La Station spatiale de Tiangong, dont le premier module a été lancé l’année dernière, est située à 340 miles au-dessus de la surface de la Terre, à environ 100 miles de plus que la Station spatiale internationale, et a une masse d’environ un cinquième de la Station spatiale internationale.

La Chine a des projets ambitieux pour Tiangong, notamment en invitant des partenaires internationaux et commerciaux à participer et à visiter l’installation. Il est également signalé qu’il s’emploie à accueillir des astronautes internationaux dans sa station spatiale, qui a été dévoilée le A Conférence de presse Tenu le mois dernier.

L’Agence spatiale chinoise (CNSA) prévoit de lancer six missions majeures avant la fin de l’année pour achever la station spatiale, qui sera bientôt connectée à un puissant télescope et accueillera des opérations commerciales et des astronautes étrangers, ont indiqué des responsables lors de la conférence de presse.

Deux unités supplémentaires, c’est-à-dire la zone de la station spatiale où vivent et travaillent les astronautes, seront ajoutées à l’unité de logement existante.
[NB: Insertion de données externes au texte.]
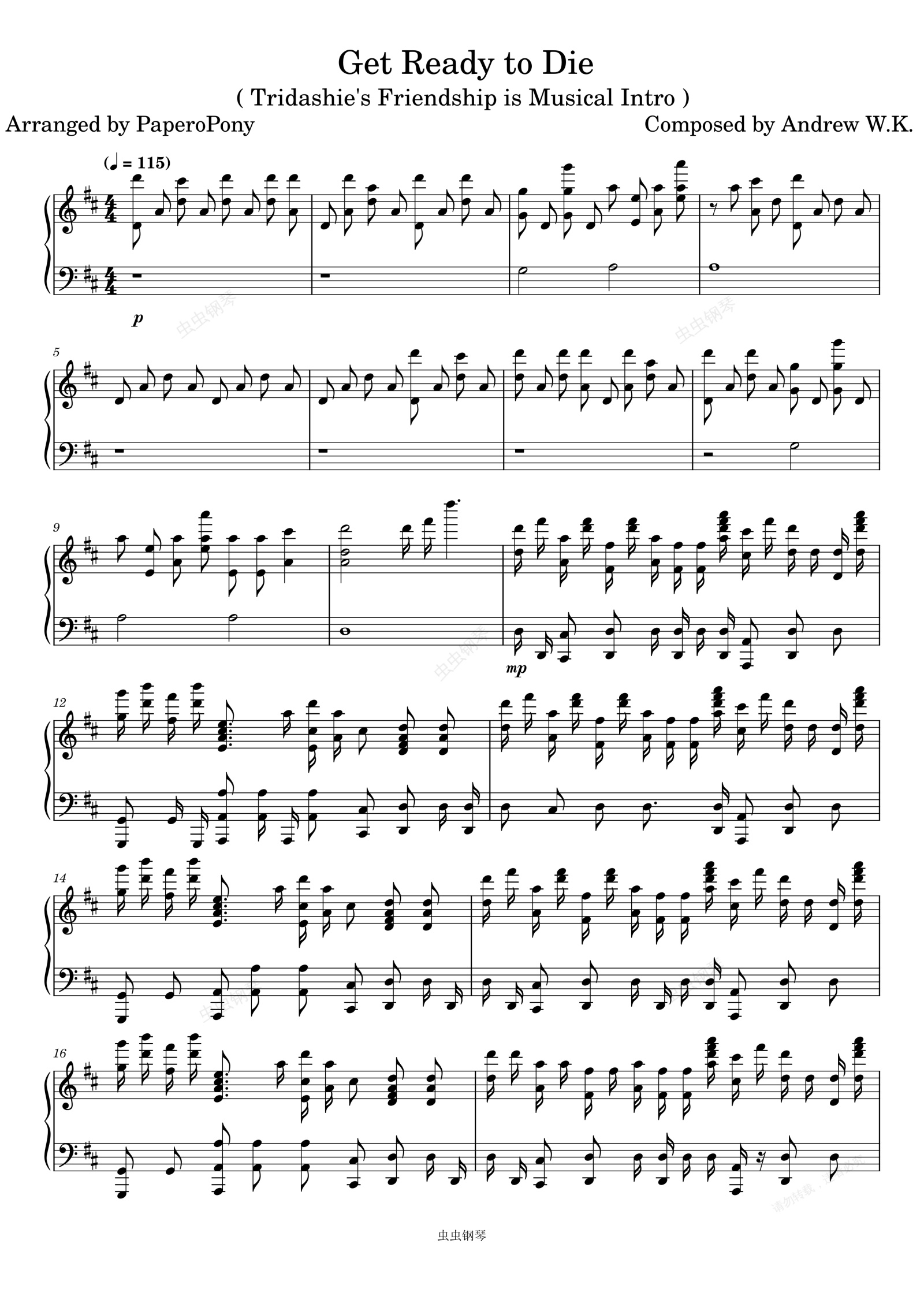钢琴谱:Get Ready to Die-Andrew W.K.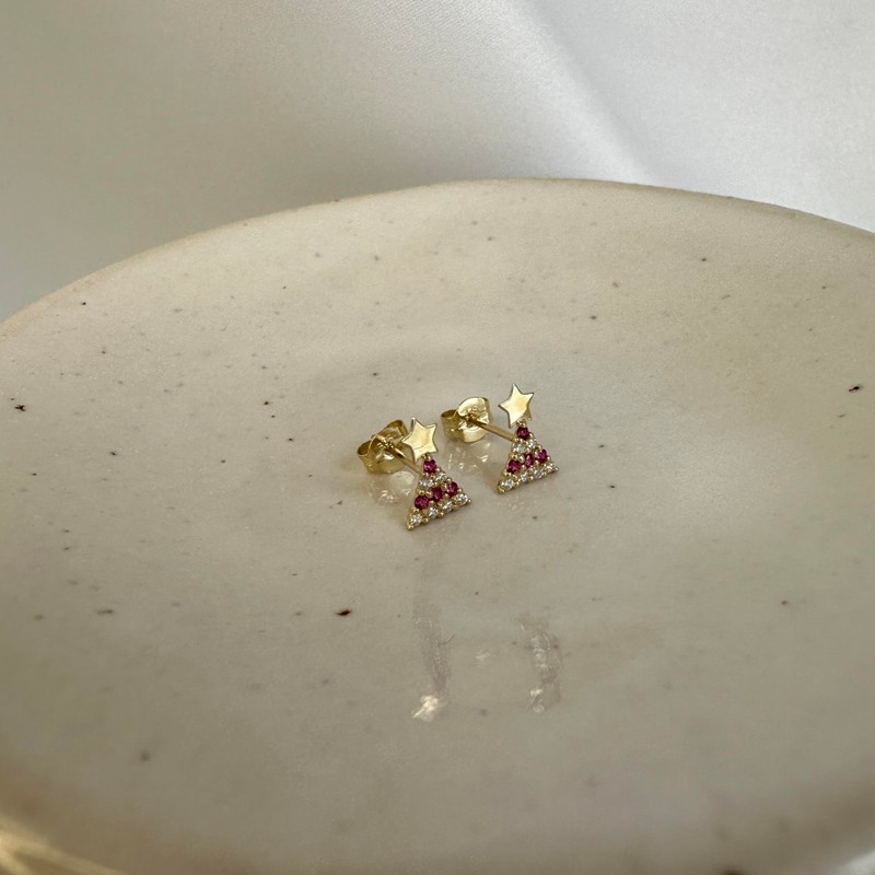 9ct Gold Clear CZ Crystal Ruby Red Christmas Tree Stud Earrings

Actuellement, la station spatiale Tiangong n’a qu’un seul module central, appelé Tianhe, qui a été lancé en 2021.

Espace Chine
Image de fichier : Station spatiale chinoise

Les annonces ambitieuses sur l’avenir de la station spatiale chinoise interviennent à un moment où la seule station spatiale au monde, l’ISS, est au milieu d’une intense bataille politique sur la guerre russo-ukrainienne.

En tant que consortium d’agences spatiales, dont la Russie, la Station spatiale internationale est aux prises avec des divisions austères alors que Moscou refuse de mettre fin à ses « opérations militaires spéciales » en Ukraine.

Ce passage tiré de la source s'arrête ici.